Session Information
03 SES 04 A, Curriculum Change in Schools and Classrooms
Paper Session
Contribution
Lower secondary education in Ireland is changing. The current system, 'The Junior Certficate', is being reformed into the 'Junior Cycle'. This is a school wide change that, in many ways, is one of the most significant educational reforms in the history of the Irish state. In 2012, A Framework for Junior Cycle was presented by the Department of education as the guiding document for curriculum reform, hailing a new age of school-based assessment and the embedding of 21st Century transversal skills, or 'Key Skils' into the curriculum framework. The Framework advocates a dual approach to assessment, with formative assessment complemented by summative assessment as a key feature of the reform. As a curriculum, the Framework drew upon a number of travelling reforms at a supranational level that, if enacted to their fullest potential, would require a shift in mindset and a change in practice for many Irish teachers and school leaders. But this was not to be the case. Following a number of policy shifts from a local to a national level, an industrial impasse ensued between the Department of Education and the Irish teacher unions.
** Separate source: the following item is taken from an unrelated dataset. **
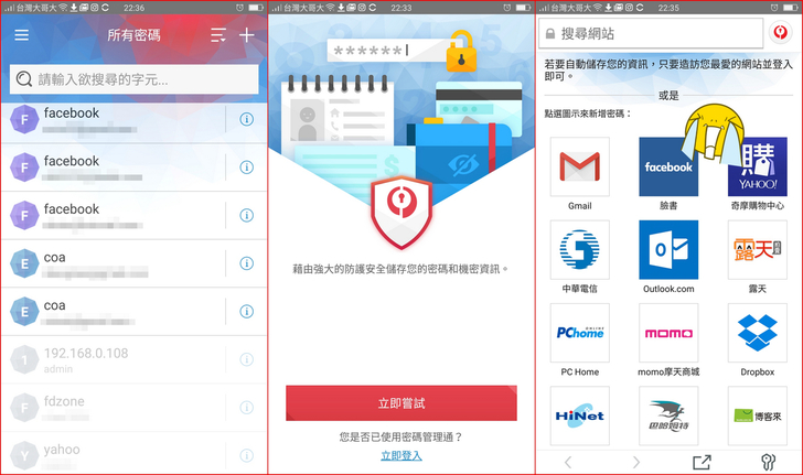 【▼】在【安全達人】->【密碼管理通】,雖然是整合在【安全達人】App中,但實際上還是要另外安裝,這是一套能幫你自動儲存各網的密碼資訊站套件,預設網站有常見的Gmail、臉書、奇摩購物、露天拍賣、PChome與巴哈姆特等。
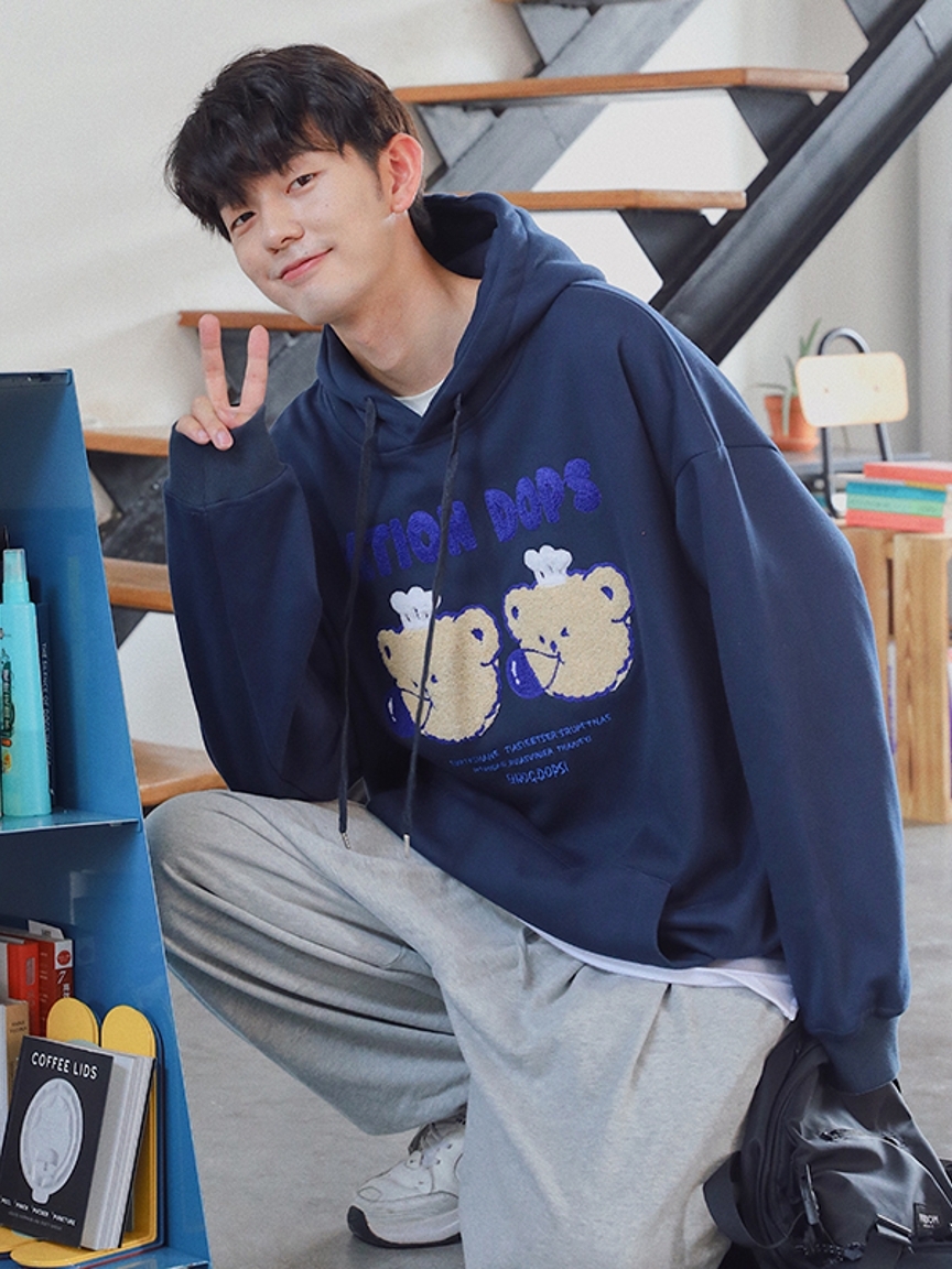 胸前撞色的小熊和英文字母的点缀,增加满满的趣味感,更加俏皮与可爱气息,宽松版型的裁剪不挑身形。

After a prolonged spell of negotiation, the Framework was rewritten in 2015 with a number of pointed changes.
The enactment of the Framework is a model of change that is fragmented, slowly introduced but still highly contested - why? Why has there been resistance? What affordances does the Framework offer to schools and, of most interest to this research, teachers and school leaders? What advice can be given to these stakeholders to enable them to enact this curriculum reform to its fullest potential? The answers to these questions have been the guiding compass for this research.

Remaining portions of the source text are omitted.